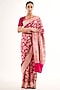Raw Mango presents a red blouse in mota silk twill base with aari embroidery. Style it with a saree, a clutch and heels for a cocktail, sangeet or engagement ceremonies.
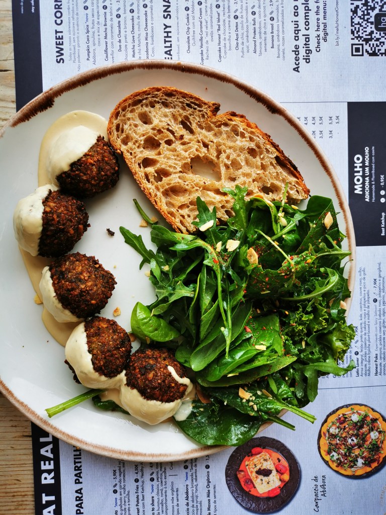 Tutti i piatti sono pensati come occasioni di condivisione, e noi abbiamo assaggiato il Baba Ganoush, il piatto di falafel e hummus e le patate fritte con maionese veg.
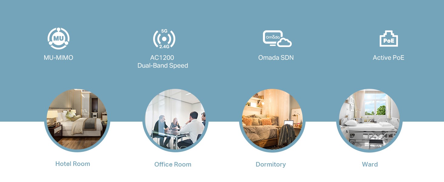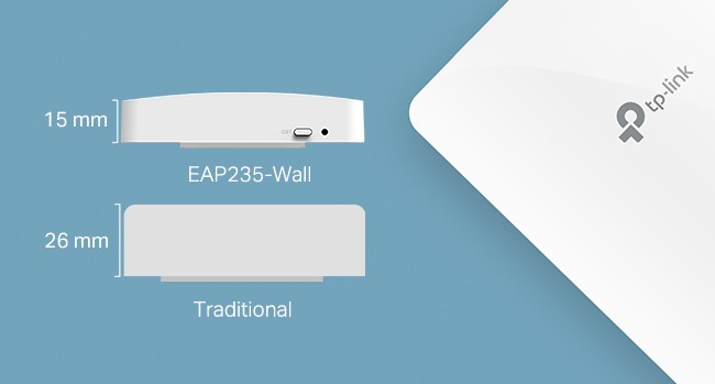 The thinnest wall plate AP available – only 15 mm – featuring a sleek, minimalistic appearance. Designed to blend in with the décor of hotel rooms, hospitals, offices, and school dormitories, EAP235-Wall delivers powerful WiFi without clashing with the room.
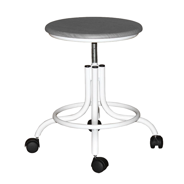 - Табурет Т01-1 винтовой, светло-серый с белым металлическим каркасом — универсальный вариант, подходящий для офиса, учебных зон, салонов и домашнего рабочего пространства. Высота сиденья регулируется в диапазоне 440-560 мм, позволяя адаптировать посадку под рост пользователя и высоту стола.

* **Work required**
With pictures excluded, the material is to be written out exactly as given.

* **Written reply**
Raw Mango presents a red blouse in mota silk twill base with aari embroidery. Style it with a saree, a clutch and heels for a cocktail, sangeet or engagement ceremonies.
 Tutti i piatti sono pensati come occasioni di condivisione, e noi abbiamo assaggiato il Baba Ganoush, il piatto di falafel e hummus e le patate fritte con maionese veg.
 The thinnest wall plate AP available – only 15 mm – featuring a sleek, minimalistic appearance. Designed to blend in with the décor of hotel rooms, hospitals, offices, and school dormitories, EAP235-Wall delivers powerful WiFi without clashing with the room.
 - Табурет Т01-1 винтовой, светло-серый с белым металлическим каркасом — универсальный вариант, подходящий для офиса, учебных зон, салонов и домашнего рабочего пространства. Высота сиденья регулируется в диапазоне 440-560 мм, позволяя адаптировать посадку под рост пользователя и высоту стола.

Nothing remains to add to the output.